Agence France-Presse in Nairobi
Kenya said on Thursday that one of the country’s highest-profile pastors would face charges over the “mass killing” of his followers, just days after the discovery of dozens of bodies in mass graves linked to another church.
Ezekiel Odero, the head of the New Life Prayer Centre and Church, “has been arrested and is being processed to face criminal charges related to the mass killing of his followers,” the country’s interior minister, Kithure Kindiki, said in a statement.
“The said church has been shut down. The over 103 people who were holed up at the premises have been evacuated and will be required to record statements,” he added.
Odero’s arrest coincides with an investigation into Paul Mackenzie Nthenge, a cult leader accused of the deaths of more than 100 followers in a forest near the coastal town of Malindi.
Police have not linked the two cases, and the authorities have not provided further details about the allegations against Odero or his church, which is headquartered in Malindi.

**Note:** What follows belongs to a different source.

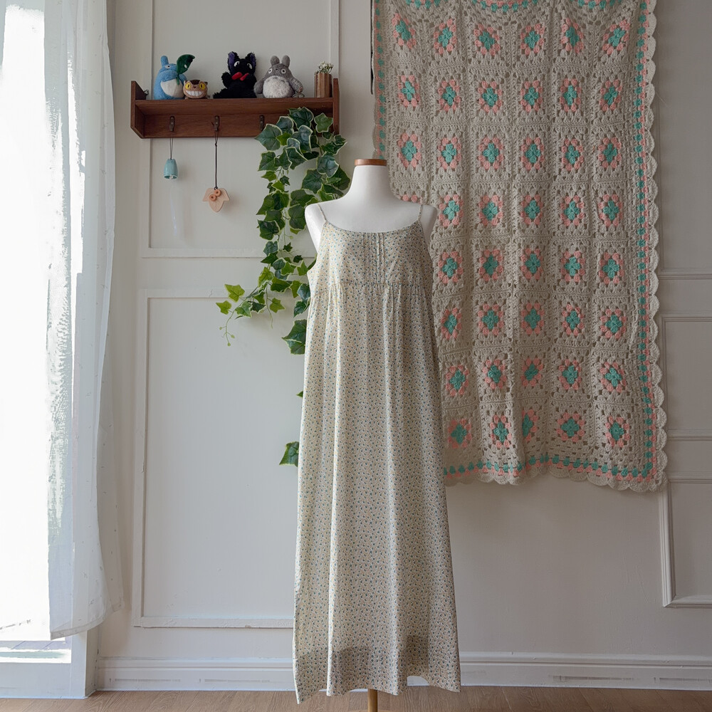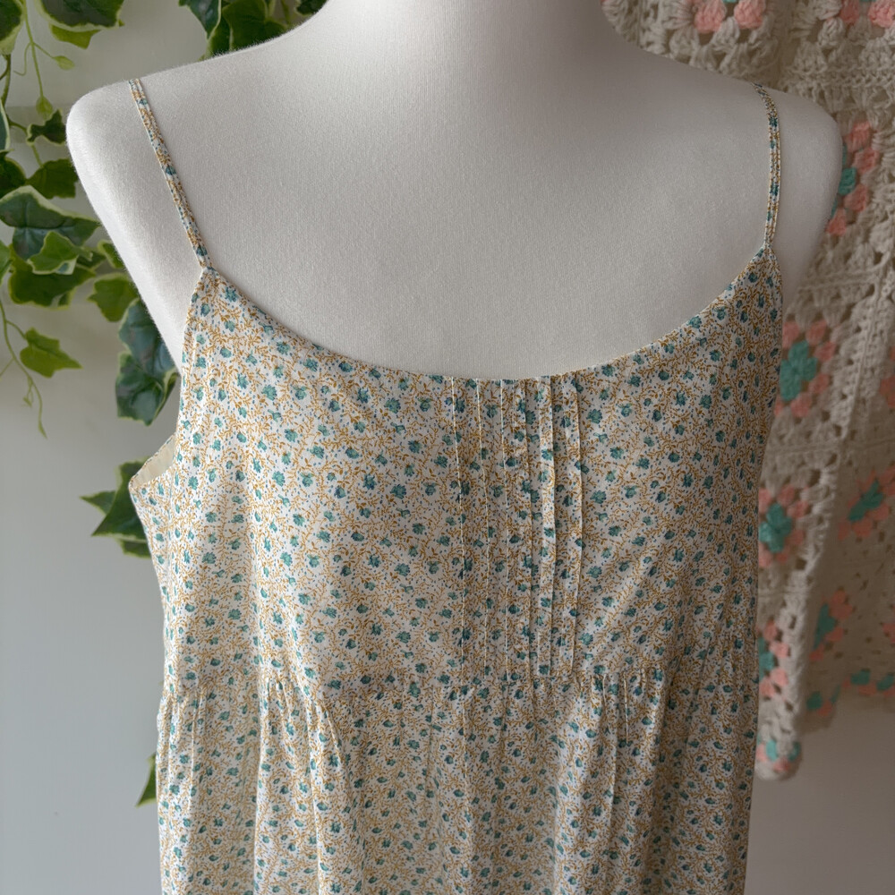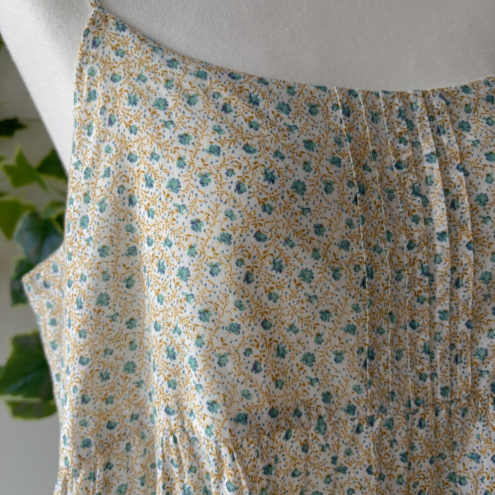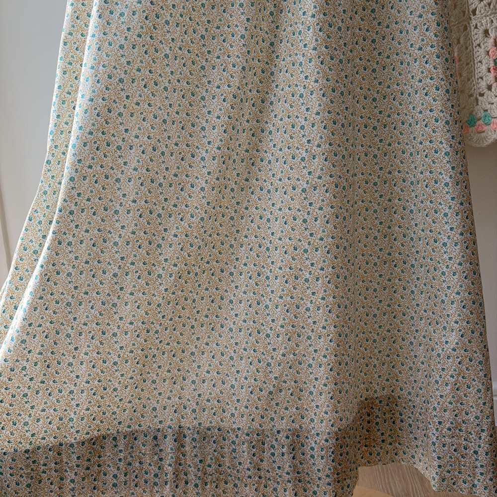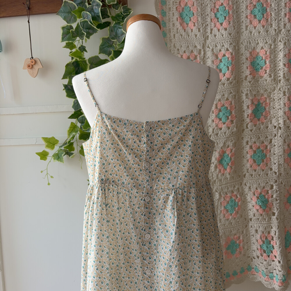 민트색 잔꽃 패턴의 코튼 끈원피스예요

Dressed in his signature all-white garb and clutching a Bible, the fisher-turned-preacher smiled for the cameras as he was transferred from Malindi to police headquarters in the port city of Mombasa for questioning.
A wealthy televangelist who has amassed a huge following – one of his churches south of Malindi can seat 40,000 people and his YouTube channel has half a million subscribers – Odero has described himself as “God’s chosen one”.

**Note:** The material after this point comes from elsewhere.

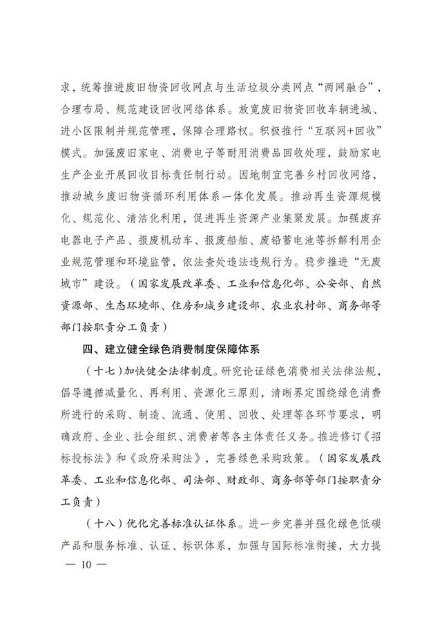 國家發(fā)展改革委等部門關(guān)于印發(fā)《促進(jìn)綠色消費(fèi)實(shí)施方案》的通知

At his mega-rallies attended by tens of thousands of devotees, the charismatic preacher sells vials of “holy” water and scraps of cloth for 100 shillings (£0.60) he claims heal all manner of illnesses, including HIV.
Though casting himself as an ordinary man without political connections, Odero has shared the pulpit with prominent figures, including the wife of the deputy president, Rigathi Gachagua, in December in Nairobi.
The government had promised a crackdown on fringe religious groups after dozens of bodies were unearthed during a raid on a forested property near Malindi belonging to Nthenge.
The former taxi driver is accused of telling followers of his Good News International Church that starvation offered a path to God.
The gruesome case has deeply shocked the majority Christian nation.
Some of his followers were found alive but died en route to hospital, while others refused to eat or accept medical attention.
More than half the bodies exhumed over the past week from mass graves in Shakahola forest were of children, and police fear the death toll could rise as their search widens.
Another five bodies were exhumed on Thursday, taking to 103 the total number of dead linked to the cult, a police source said.
At least 22 people have been arrested and 39 rescued.
President William Ruto likened the cult leader to a terrorist and vowed the harshest possible punishment for him and anyone else extolling “weird, unacceptable ideology” in the east African country.
But past efforts to regulate the more than 4,000 churches registered in Kenya have failed, despite headline-grabbing incidents of cults and rogue pastors involved in serious crime.
Proposed measures to weed out bad actors – such as requiring pastors to be formally trained in theology – have been fiercely opposed and cast as violations of the constitutional guarantee for the division of church and state.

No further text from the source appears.